Creating parametric Bayesian probabilistic models

Consider the probability distribution \(p_\theta(x) = p(x^{(i)} | \theta)\) with vector of parameters \(\theta\), which we wish to identify based on a set of \(n\) training samples, \(\mathcal{X}_\text{train} = \{ x^{(1)}, \ldots, x^{(n)} \}\), drawn from the random variable specified by \(p_\theta(x)\). A distribution over the parameters \(\theta\), given the data \(\mathcal{X}_\text{train}\) can be obtained by applying Bayes’ law:

(7)\[P(\theta | \mathcal{X}_\text{train}) = \frac{P(\mathcal{X}_\text{train} | \theta) p(\theta)}{P(\mathcal{X}_\text{train})}, \]

where \(p(\theta)\) represents a prior distribution on \(\theta\), \(P(\mathcal{X}_\text{train}) = \int P(\mathcal{X}_\text{train} | \theta) d\theta\) acts as a normalising constant, and the data likelihood can be written as \(P(\mathcal{X}_\text{train} | \theta) = \prod_i p(x^{(i)} | \theta)\) by assuming independence of training samples. This approach, known as Bayesian Hierarchical Modelling [7], has desirable properties. For example, the epistemic uncertainty on \(\theta\) will decrease as more data becomes available which will be observed as a ‘concentration’ of the posterior distribution for \(\theta\) around one point.

Although simple analytical distributions are often used for the likelihood \(P(\mathcal{X}_\text{train} | \theta)\) (e.g. a Gaussian distribution with mean \(\theta_1\) and scale \(\theta_2\)). One can also extend the framework to consider more complex likelihood functions. For example, often the likelihood is \(P(\mathcal{X}_\text{train} | \theta) = \int{P(\mathcal{X}_\text{train}|y) \delta(f(\theta) - y) dy}\), where \(f(\theta)\) is an arbitrarily expensive and complex function, for which we may not know the gradient, and \(p(x^{(i)} | \theta)\) is a simple probability density, for example a normal distribution, and \(\delta(x)\) is the Dirac delta function. This setting is referred to as an ‘inverse problem’ [8].

The probability distributions over \(\theta\) represent epistemic uncertainty in \(\theta\), whilst the data likelihood, \(p(x^{(i)} | \theta)\), represents the natural stochasticity (aleatory uncertainty) of the data generating mechanism. Note that the prior distribution, \(p(\theta)\), should be chosen to represent our prior knowledge of the parameter \(\theta\), and in the case of no knowledge, should be set to an appropriate uninformative distribution. The distribution used for the uninformative prior should be chosen based on physical considerations regarding the parameter of interest, but is often somewhat arbitrarily assumed to be uniform [1].

The prior distribution is not the only place where prior knowledge enters into the probabilistic model; the model specification, i.e. the data likelihood, represents another form of prior knowledge which must be carefully considered with this approach [1]. It is particularly important to decide which parameters in the likelihood function should be modelled as uncertain, e.g. if the likelihood is assumed to be a Gaussian density, will a value be assumed for the standard deviation of the distribution, or will this be an element of \(\theta\), and hence an uncertain parameter?

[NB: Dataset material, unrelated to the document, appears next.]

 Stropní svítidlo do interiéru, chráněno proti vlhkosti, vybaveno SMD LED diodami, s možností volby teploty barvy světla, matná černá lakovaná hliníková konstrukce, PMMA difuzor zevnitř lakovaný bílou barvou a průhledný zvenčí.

We can derive point estimates for \(\theta\) from the Bayesian approach [9]. The maximum a posteriori estimator for \(\theta\) is obtained by evaluating \(\theta_\text{MAP} = \max_\theta P(\theta | \mathcal{X}_\text{train})\), where \(P(\theta | \mathcal{X}_\text{train}) \propto P(\mathcal{X}_\text{train} | \theta) P(\theta)\). The maximum likelihood estimator for \(\theta\) is obtained by evaluating \(\theta_\text{ML} = \max_\theta P(\mathcal{X}_\text{train} | \theta)\). Note that the maximum likelihood estimator is equivalent to the maximum a posteriori estimator when a uniform prior distribution is used. These estimators can be evaluated using any optimisation method. Stochastic Gradent Descent, a widely used optimisation method, will be discussed in Machine Learning of Regression Models since it is most often applied to regression models.

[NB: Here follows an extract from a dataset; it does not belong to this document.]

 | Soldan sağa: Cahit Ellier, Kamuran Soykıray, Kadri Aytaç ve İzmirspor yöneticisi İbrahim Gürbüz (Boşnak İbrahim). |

We do not necessarily have to disregard uncertainty in \(\theta\) when using the maximum a posteriori approach, since the covariance of the distribution can be estimated by inverting the Hessian (matrix of second derivatives with respect to parameters \(\theta\)) of \(P(\theta | \mathcal{X}_\text{train})\). This is known as the Laplace approximation. This estimate is exact in some well known cases, e.g. the case of a Gaussian likelihood and prior, where the optimisation loss (the logarithm of the posterior) becomes the mean squared error [8].

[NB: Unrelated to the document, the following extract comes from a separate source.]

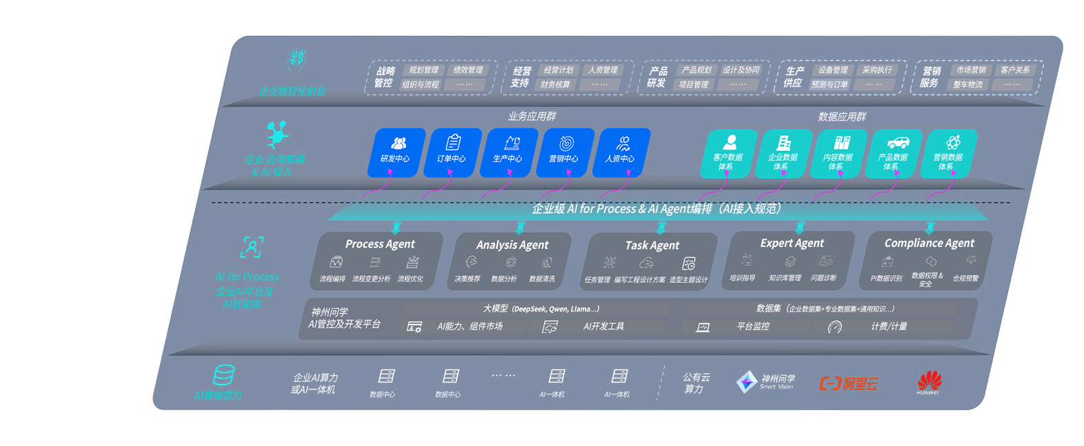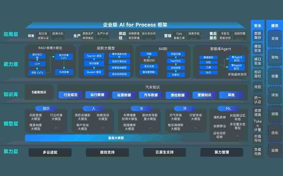 端到端的一站式AI工作空间深度融合了从企业战略规划到日常经营的全流程业务板块,,,,定向解决车企内部领域多、、、部门多、、链条长、、、、场景碎片化等难题,,,支持车企快速构建以AI为核心的生产力写作体系,,,实现任务执行与AI能力的无缝集成与交互

In many cases the full posterior for \(\theta\) can be calculated analytically, for example where a conjugate prior is used so that the posterior distribution has the same functional form as the prior distribution. If this is not the case, and one wishes to compute the full posterior distribution, then a Markov Chain Monte Carlo (MCMC) method is often used to obtain samples from the posterior distribution, or other approximate numerical techniques are used.

An MCMC algorithm constructs a Markov chain with the desired distribution as its equilibrium distribution, so that if the Markov chain is simulated for a sufficient time then the samples drawn are from the posterior distribution [7]. MCMC methods typically do not require the gradient of the posterior to be known, and are hence applicable to a wide class of problems. Unfortunately, MCMC simulation can be computationally infeasible when \(\theta\) has high dimensionality, or when the training dataset is large. Recently, efficient sampling based algorithms have been proposed to combat this problem [10].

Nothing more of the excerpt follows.